In the code above, experiment with different queries.
Can you find weaknesses with TF-IDF vectorization?

### Issues with TF-IDF

- **Bag-of-words assumption (no semantics)**  
  TF–IDF ignores word order, syntax and meaning. Synonyms and paraphrases (e.g., "car" vs "automobile") won’t match, and semantically similar documents can be missed.

- **Polysemy and ambiguity**  
  A single token can have multiple senses; TF–IDF treats them identically and can return irrelevant documents.

- **Sparse, high-dimensional vectors**  
  Representations are large and sparse, which can be memory- and compute-inefficient at scale, and sensitive to vocabulary mismatch and OOV tokens.

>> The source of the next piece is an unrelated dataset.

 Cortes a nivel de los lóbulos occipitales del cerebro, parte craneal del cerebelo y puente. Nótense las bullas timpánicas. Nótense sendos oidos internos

- **Length and frequency bias**  
  Raw term frequency and document length can bias scores (longer docs more likely to contain query terms). IDF can overemphasize rare noise words if corpus statistics are unstable.

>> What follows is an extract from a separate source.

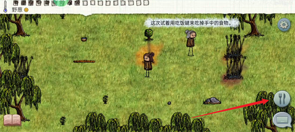 3、点击右下角的吃饭按键,就能够将自己手中的食物吃掉。

- **No contextual or phrase understanding**  
  Multi-word expressions and context-dependent meaning are poorly handled; phrase matches are often missed unless explicitly indexed.

- **Preprocessing dependency**  
  Stemming, lemmatization, stopword lists, tokenization, and case handling can dramatically change results; mismatches in preprocessing between query and documents cause retrieval failures.

- **Scaling and sparsity in multilingual/morphologically rich languages**  
  Languages with rich morphology, diacritics or compound words pose additional challenges for lexical-only matching.

Mitigations include BM25 (better length normalization), query expansion, relevance feedback, LSI/LSA or SVD to capture latent topics, and modern dense (embedding-based) retrieval or hybrid sparse+dense approaches for semantic matching.